I'm looking into what might be causing this, starting with the solar radiation calculations.

KevinShook commented 3 years ago

There are still some issues with the interval solar radiation calculations: windows_crhmcode_interval_Qn_scatter However, the differences largely even out over time, so cannot be the cause of the consistent underestimation of evaporation: windows_crhmcode_annual_Qn_scatter

I checked the evaporation over short time periods, and you can see that the crhmcode version causes zero evporation, when it should be quite large: Borland_crhmcode_daily_HRU2_evap_1972

Digging into Classevap_Resist.cpp, I found several discrepancies: Classevap_Resist line 202

           p = soilproperties[soil_type[hh]][AIRENT]*
             pow(soilproperties[soil_type[hh]][PORE]/Soil_Moist, soilproperties[soil_type[hh]][PORESZ]);

Borland NewModules.cpp line 16617

          p = soilproperties[soil_type[hh]][AIRENT]*
             pow(1.0/Soil_Moist, soilproperties[soil_type[hh]][PORESZ]); // 05/21/20 correcting pow(soilproperties[soil_type[hh]][PORE]/Soil_Moist, soilproperties[soil_type[hh]][PORESZ]);

Classevap_Resist line254

            f4 = 5000/50;

Borland NewModules.cpp line 16668

          f4 = 5000/rcs[hh]; // 05/21/20 correcting f4 = 5000/50;
jhs507 commented 3 years ago

I added the changes in Classevap_Resist but after running a simulation for 2 years I did not find a significant improvement. I will continue looking for differences in the modules.

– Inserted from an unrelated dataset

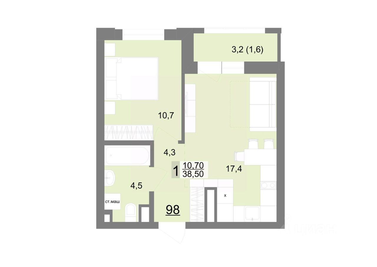 Общая площадь38,5 м2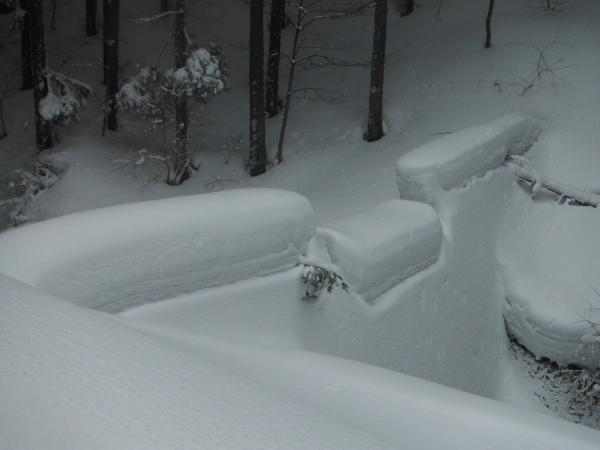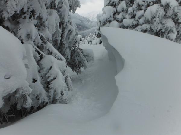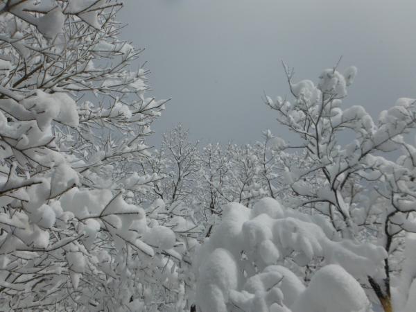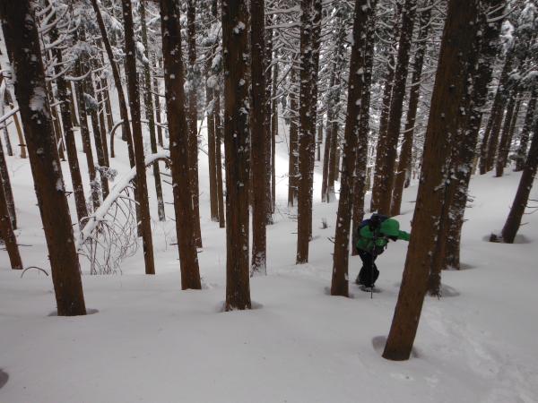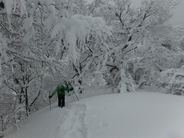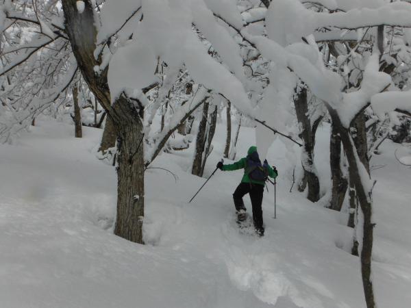 前日、前々日の雪の影響でスノーシューを履いても最初は足首までは軽く埋まり、分岐から先は膝上から腰まで埋まる雪でした。

KevinShook commented 3 years ago

Thanks. I'll try running for longer.

KevinShook commented 3 years ago

I also found no real change in the output. The evaporation is still zero in the new version, when it should not be. I looked at the forcings, and there was no obvious cause of the zero values. The non-zero evaporation values look to be good. I think we'll have to debug it to find what is going on in some intervals

jhs507 commented 3 years ago

I found no unaccounted for differences between the modules involved in this project. I will investigate the evaporation modules more closely to see If I can find something that doesn't make sense.

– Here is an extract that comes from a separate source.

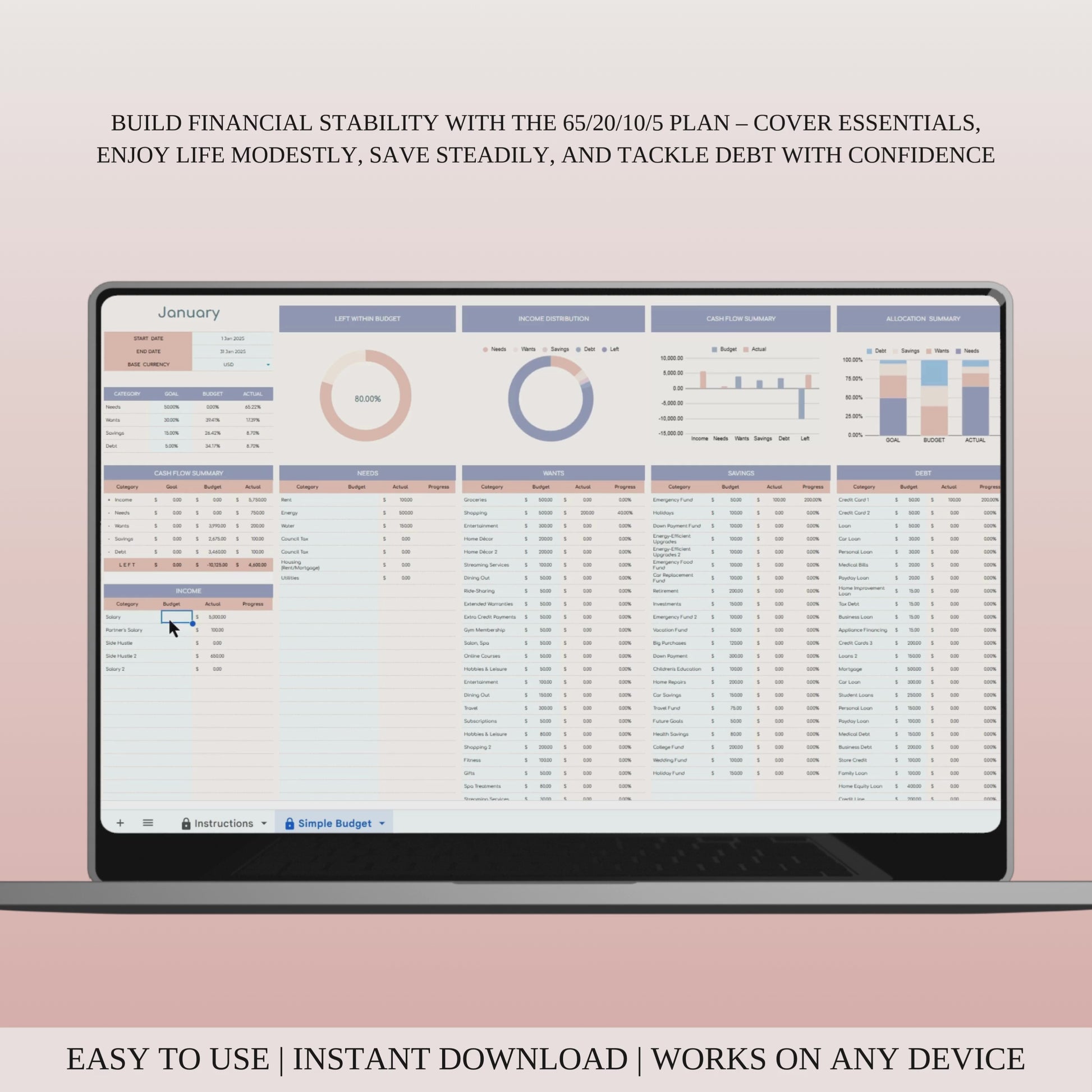 - Simple & Flexible: The clear categories make it easy to track and adjust your spending as needed.

KevinShook commented 3 years ago

I agree - I found no differences either. However, I noticed a) that the days where there were discrepancies were where there was precipitation and b) that the precipitation was usually zero on those days - not just different. You can see the effects in this figure.

HRU_11_evap_vs_precip

It doesn't look like evap_Resist checks the precipitation - could this be done in another module, i.e. disabling evaporation where p >0?

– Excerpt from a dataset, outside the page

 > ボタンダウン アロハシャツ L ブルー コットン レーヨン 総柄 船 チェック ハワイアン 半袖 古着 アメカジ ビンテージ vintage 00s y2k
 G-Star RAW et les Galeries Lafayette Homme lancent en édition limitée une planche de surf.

jhs507 commented 3 years ago

I will take a look for that.

I stepped through the code in VS's debugger and it appears that evap_Resist is "turned off" for all hru's except for 0, 5, and 56. On every other hru inhibit_evap[hh] (line 157 Classevap_Resist.cpp) is set causing the calculation to be skipped. Is this intentional?

KevinShook commented 3 years ago

That doesn't seem right. I had wondered if it was being set incorrectly. According to the documentation

inhibit_evap (flag) - 0/1 enable/inhibit.

So if it's set to zero, the evap should occur as usual. Looking at the .prj file I see that all of the values are zero.

Shared inhibit_evap <0 to 1>
0 0 0 0 0 0 0 0 0 0 0 0 0 0 0 0 
0 0 0 0 0 0 0 0 0 0 0 0 0 0 0 0 
0 0 0 0 0 0 0 0 0 0 0 0 0 0 0 0 
0 0 0 0 0 0 0 0 0 0 

So, it looks like something is erroneously setting the flag

jhs507 commented 3 years ago

Alright I will see if I can track that down.

jhs507 commented 3 years ago

Should the values in this array be changing at all throughout the run or should it always be what they are set as initially?

KevinShook commented 3 years ago

These are control flag parameters so should not be changing once they are read in from the .prj file.